Set down only these lines, exactly: the line containing "Βραχιόλι ποδιού ατσάλινη" and all lines through the end of the data below. Omit pictures.

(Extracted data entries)
====================

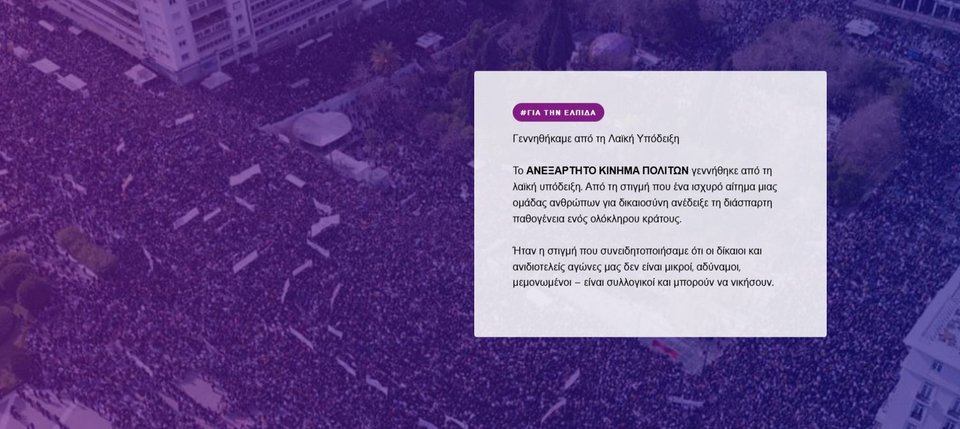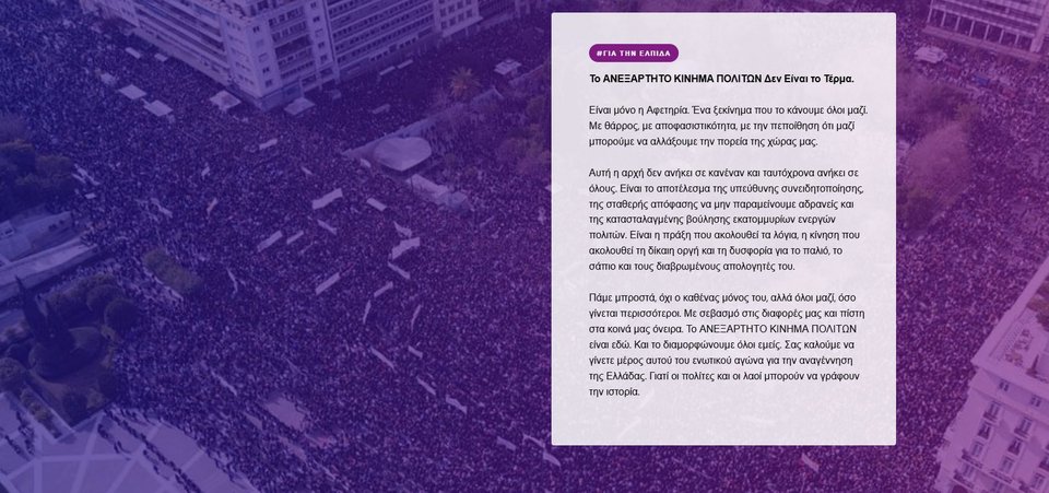 «Είμαστε ένα ΑΝΕΞΑΡΤΗΤΟ ΚΙΝΗΜΑ ΠΟΛΙΤΩΝ που γεννιέται από τη βάση, από την κοινή μας ανάγκη να έρθει επιτέλους η αλλαγή. Όλοι εμείς είμαστε άνθρωποι με διαφορετικές καταβολές, με ποικίλες διαδρομές, κινηματικές ή όχι, κάθε ηλικίας και εμπειρίας. Δεν μας χωράει μια ταμπέλα. Μας ενώνει ένα κοινό όραμα: ότι ΑΞΙΖΟΥΜΕ ΜΙΑ ΚΑΛΥΤΕΡΗ ΧΩΡΑ. Και μια κοινή ανάγκη: ΝA ΑΝΤΙΜΕΤΩΠΙΣΟΥΜΕ ΤΙΣ ΥΠΑΡΞΙΑΚΕΣ ΑΠΕΙΛΕΣ για την κοινωνία και την πατρίδα μας. Κουβαλάμε μέσα μας ιστορίες διαφορετικές, αλλά κοινά όνειρα και μεγάλη δυσπιστία σε όσους οδήγησαν τη χώρα στα σημερινά πολλαπλά αδιέξοδα.
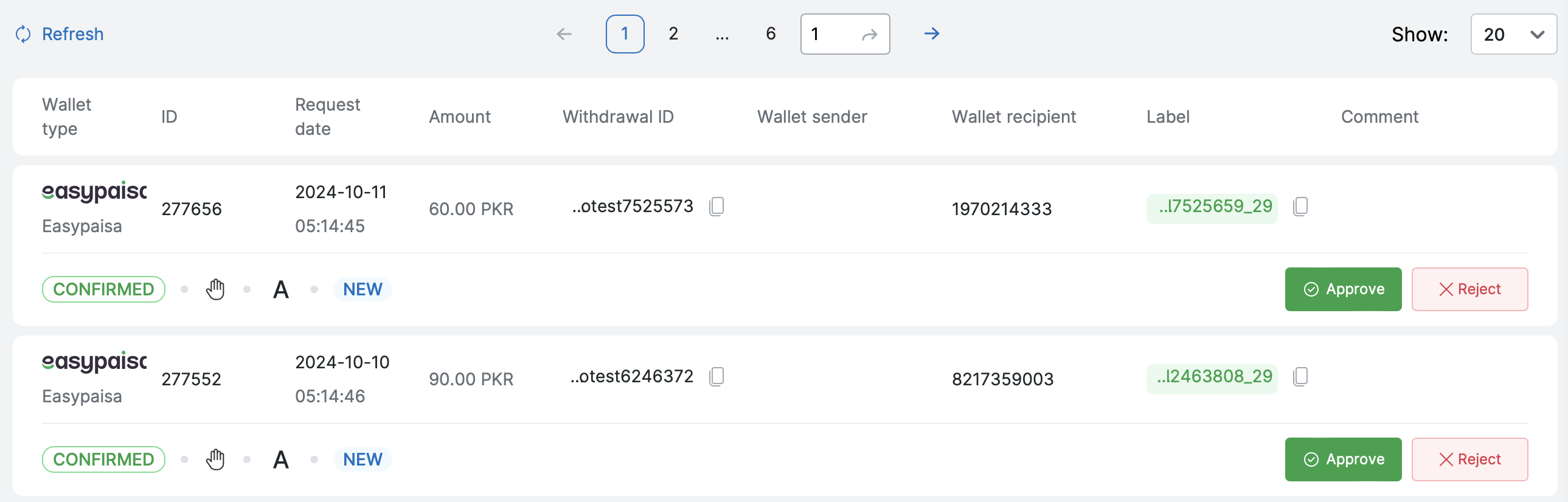 Example of a withdrawal postback for a EasyPaisa
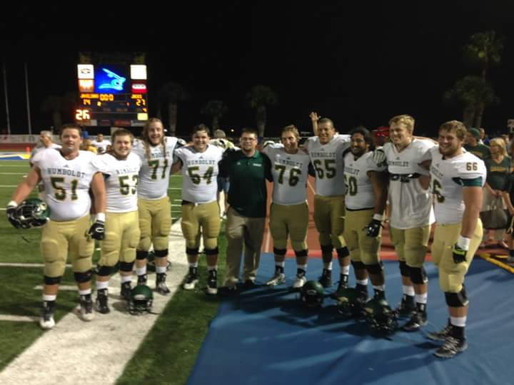 Cappa: “My first season I redshirted which means you do everything with the team except play in the games but the good thing is that gives you an extra year of eligibility. My second season I was actually able to play and I had the opportunity to start. Our first game was in Texas which was a bit intimidating. As we drove up to the stadium there was a huge, Texas-style tailgate with a ton of people. During warm ups I was a bit nervous but the nerves did not last. After I played my first snap all my nerves went away and I was just playing football again. We won that game which was a big confidence boost for my freshman season and that trip to Texas was probably the best football experience I have ever had. Following the game was a trip to The Alamo and almost no sleep was we flew and took the bus back to Humboldt.”
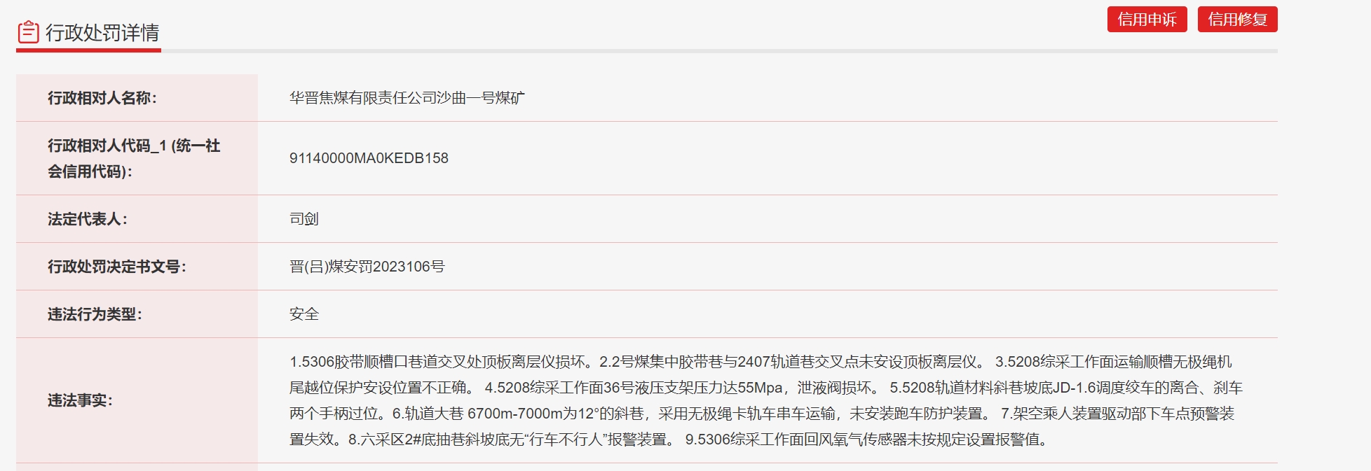 信用中国(山西吕梁)网站显示,今年12月5日,沙曲一矿因存在九项违反《安全生产法》的行为, 被吕梁市应急管理局处罚18万元。
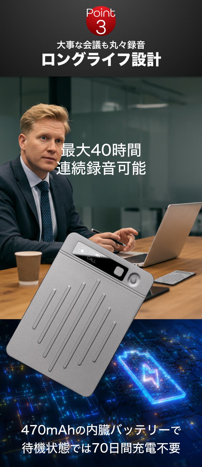 薄く小さなボディーには470mAhのリチウムイオン電池を搭載しています。省電力で動作が可能なため、待機状態では70日間充電不要です。また、最大で40時間の連続録音も可能なので、どんなに長い会議でも丸々収録可能です。
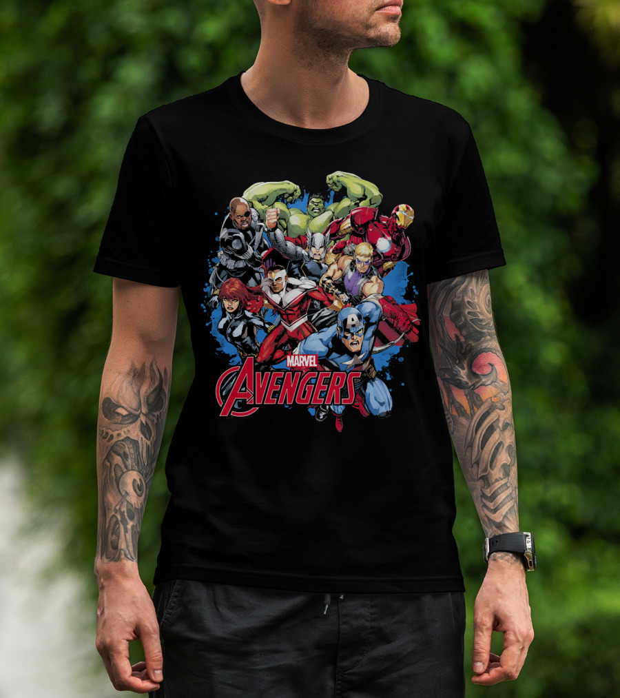 The Marvel Avengers Captain Thor Hulk Iron Man Black Widow Comic Assemblage T-shirt is designed for everyday wear and a consistent fit. Fabric is pre-shrunk ring-spun cotton with durable stitching. See the size chart below for exact measurements.
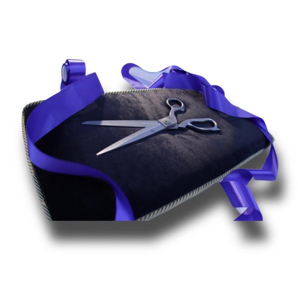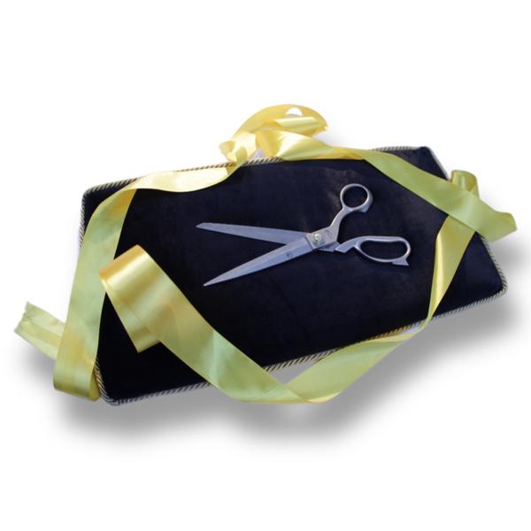 Эта подушка-поднос идеально впишется в стиль вашего торжественного открытия. Выполненная в модном черном цвете, она украшена по периметру желтой бахромой с четырьмя элегантными кисточками по углам. Верхняя и нижняя части обтянуты мягким бархатом, что позволяет инструменту для перерезания ленточки слегка утопать в ворсе, надежно фиксируясь и предотвращая соскальзывание.
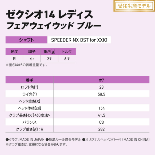 【受注生産】ゼクシオ 14 レディス フェアウェイウッド ブルー SPEEDER NX DST for XXIO【7/R】《2025年モデル》 1点
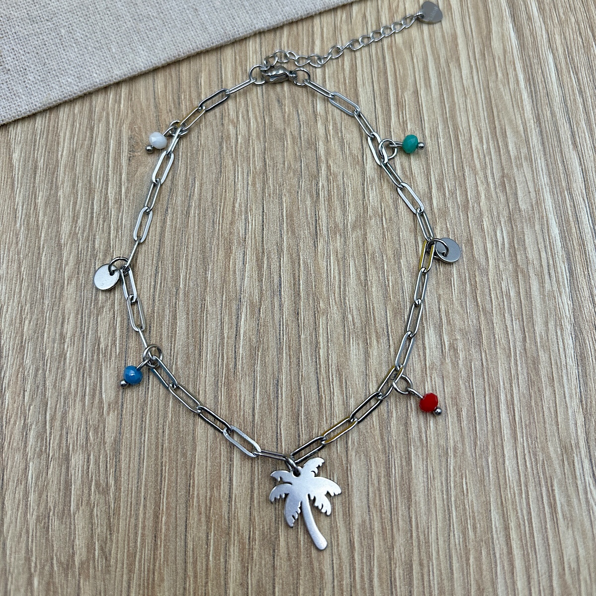 Βραχιόλι ποδιού ατσάλινη αλυσίδα με κρεμαστά μοτιφ και κρύσταλλα.
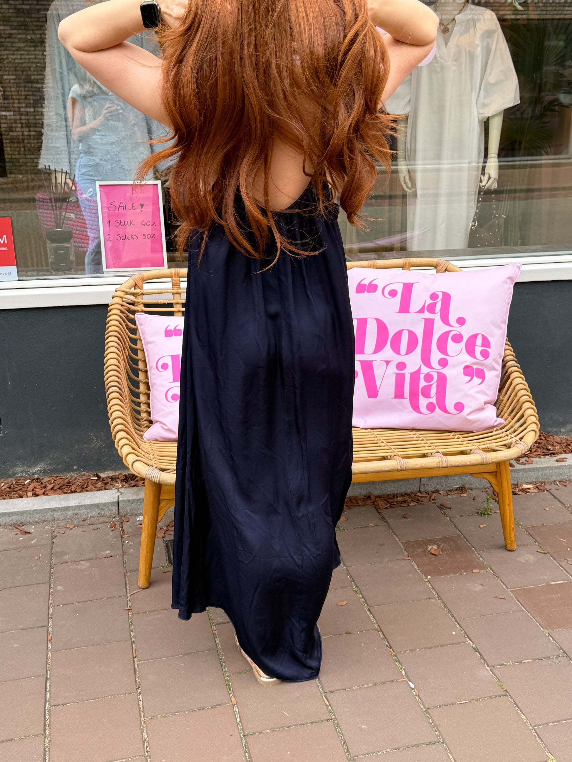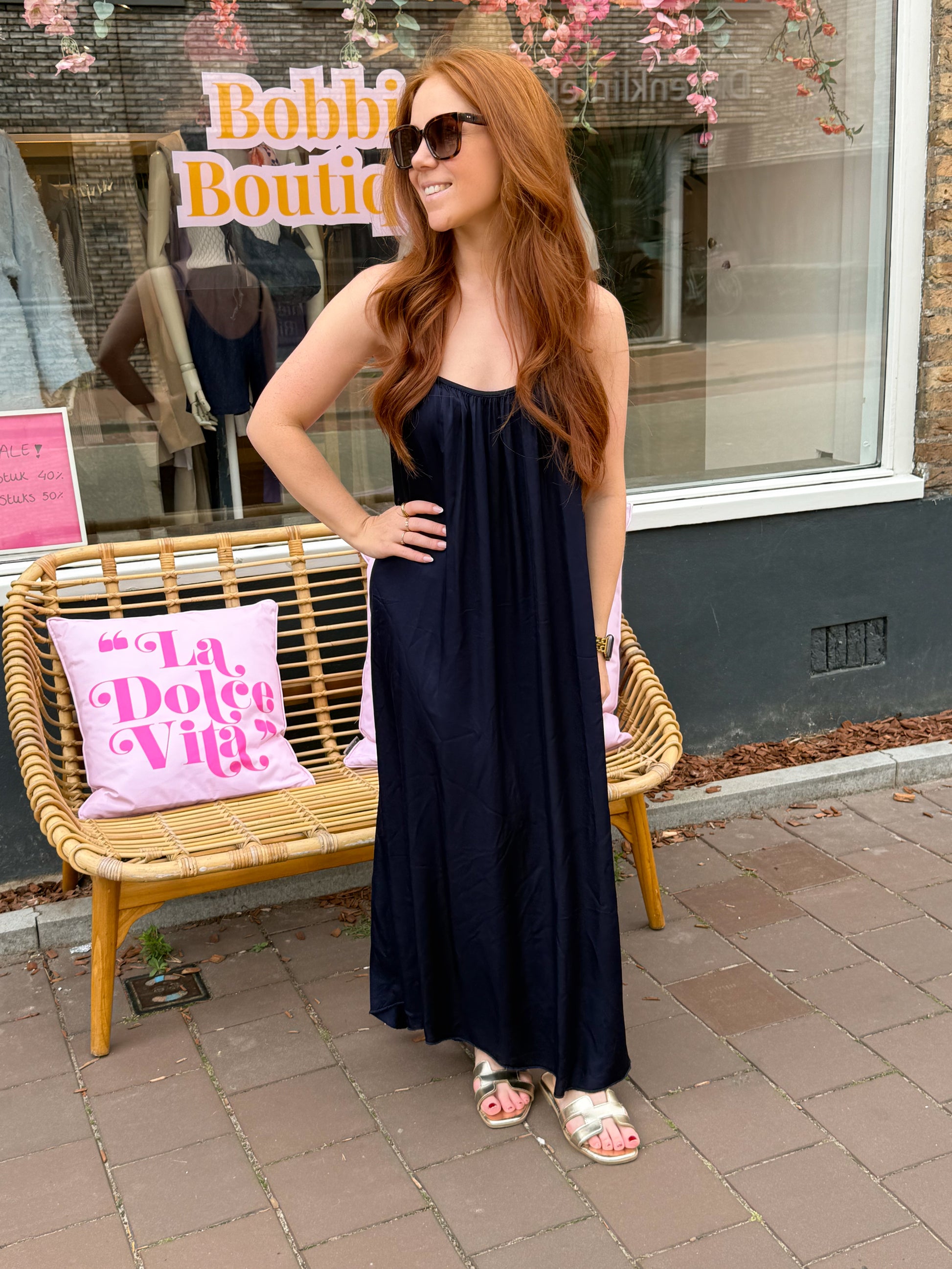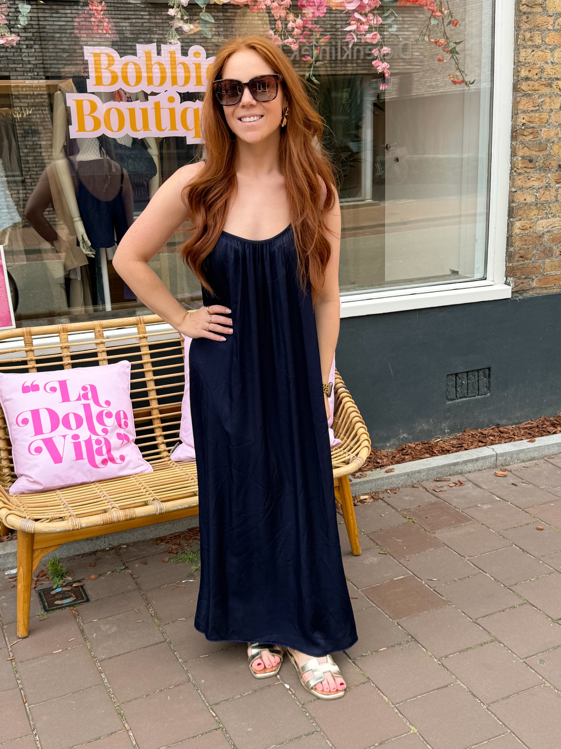 Deze donkerblauwe maxi-jurk is een perfecte mix van elegantie en comfort. De soepele, luchtige stof valt prachtig langs je silhouet, terwijl de fijne spaghettibandjes zorgen voor een vrouwelijke en zomerse uitstraling. Ideaal voor een avondje uit, een feestje of een zonnige dag. Tijdloos, stijlvol en moeiteloos chic!

====================

• **Your response**
 Βραχιόλι ποδιού ατσάλινη αλυσίδα με κρεμαστά μοτιφ και κρύσταλλα.
 Deze donkerblauwe maxi-jurk is een perfecte mix van elegantie en comfort. De soepele, luchtige stof valt prachtig langs je silhouet, terwijl de fijne spaghettibandjes zorgen voor een vrouwelijke en zomerse uitstraling. Ideaal voor een avondje uit, een feestje of een zonnige dag. Tijdloos, stijlvol en moeiteloos chic!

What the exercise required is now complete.